Wyciągnęli wnioski po porażce w Kielcach. Tego muszą się wystrzegać

Materiały prasowe / Orlen Superliga / Na zdjęciu: mecz Industria - Rebud KPR
Materiały prasowe / Orlen Superliga / Na zdjęciu: mecz Industria - Rebud KPR

- Chciałbym, żeby Ostrów zobaczył dobry mecz piłki ręcznej - powiedział Bartłomiej Tomczak, zawodnik Rebud KPR Ostrovia. Jego zespół we wtorek zmierzy się z potęgą - Industrią Kielce. Szczypiornista wie, czego biało-czerwoni muszą uniknąć.

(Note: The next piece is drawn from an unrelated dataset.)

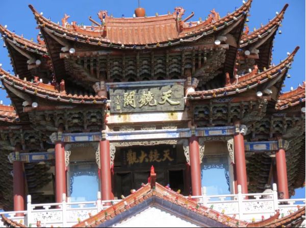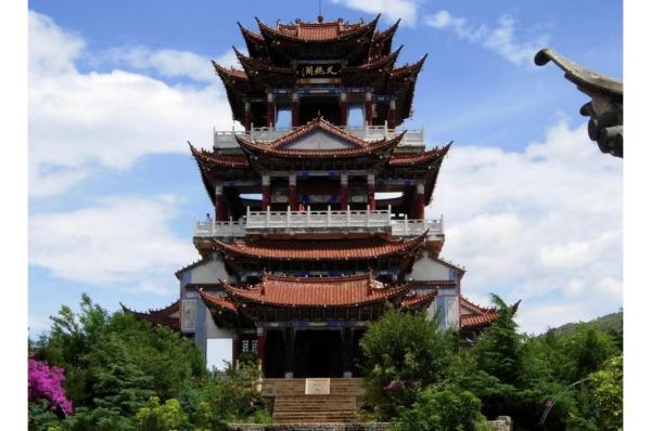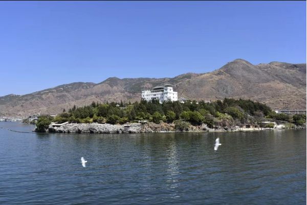 天鏡閣在大理洱海東玉案山上,山勢到這里忽向洱海伸去,三面臨水,懸崖壁立,地勢險要,有山環(huán)吞海,澄海如鏡之勢。

Szczypiorniści Rebud KPR Ostrovia Ostrów Wielkopolski rozgrywają najlepszy sezon w historii. Podopieczni Kima Rasmussena w dalszym ciągu pozostają w walce o najwyższe cele. We wtorek czeka ich jednak drugie spotkanie z Industrią Kielce. Biało-czerwonym daleko będzie do miana faworyta - tym bardziej, że w Hali Legionów przegrali aż 22:42.

- Na pewno drużyna, która jest w półfinale, nie powinna sobie pozwolić na taką ilość strat. To mnie boli jako zawodnika, który grał i trochę oglądał w drugiej połowie z boku. Na pewno inne oczekiwania były w naszych głowach. Może nie, że przyjedziemy wygrać, ale że pokażemy się z dobrej strony. Bo zasługujemy na to, bo ten sezon jest dla nas wyjątkowy - skomentował tamto spotkanie Bartłomiej Tomczak.

ZOBACZ WIDEO: Anita Włodarczyk zaskoczyła internautów. Takiego ćwiczenia nie widzieli

Zawodnik klubu z Ostrowa podkreślił, że założenia taktyczne przed meczem w Kielcach były zupełnie inne. Porażała przede wszystkim liczba prostych błędów oraz strat. Szczypiorniści Rebud KPR nie zamierzają jednak odpuszczać.

- Pokazaliśmy ostatnio po ciężkiej przegranej w Gdańsku, gdzie praktycznie mieliśmy zamknięty ćwierćfinał, że potrafiliśmy się podnieść na mecz w Ostrowie. Mam nadzieję, że teraz też będziemy potrafić się podnieść na rewanż - tłumaczył.

- Cała hala jest wyprzedana. Wiemy, że kibice pomogą nam wrócić na właściwe tory i żeby to był fajny mecz, bo półfinał mistrzostw Polski to świetne wydarzenie. Chciałbym, żeby Ostrów zobaczył dobry mecz piłki ręcznej - dodał Tomczak.

39-latek ma na swoim koncie występy w takich klubach jak Vive Kielce, Zagłębie Lubin czy Górnik Zabrze. Były reprezentant kraju wie, czego muszą wystrzegać się biało-czerwoni, aby pokazać się z jak najlepszej strony.

- Przede wszystkim musimy wyeliminować proste błędy. My z kontry rzuciliśmy 1-2 bramki w tym meczu, a drużyna Industrii 17 lub więcej, więc wyeliminować te proste błędy, ukraść trochę czasu, starać się nie robić błędów, żeby kontrataków było jak najmniej. To jest ABC piłki ręcznej. Traciliśmy piłki podając metr od siebie i to nie powinno się zdarzać - zakończył.

Mecz Rebud KPR Ostrovia Ostrów Wielkopolski - Industria Kielce odbędzie się we wtorek, 20 maja o godz. 20:30 w hali 3mk Arena w Ostrowie.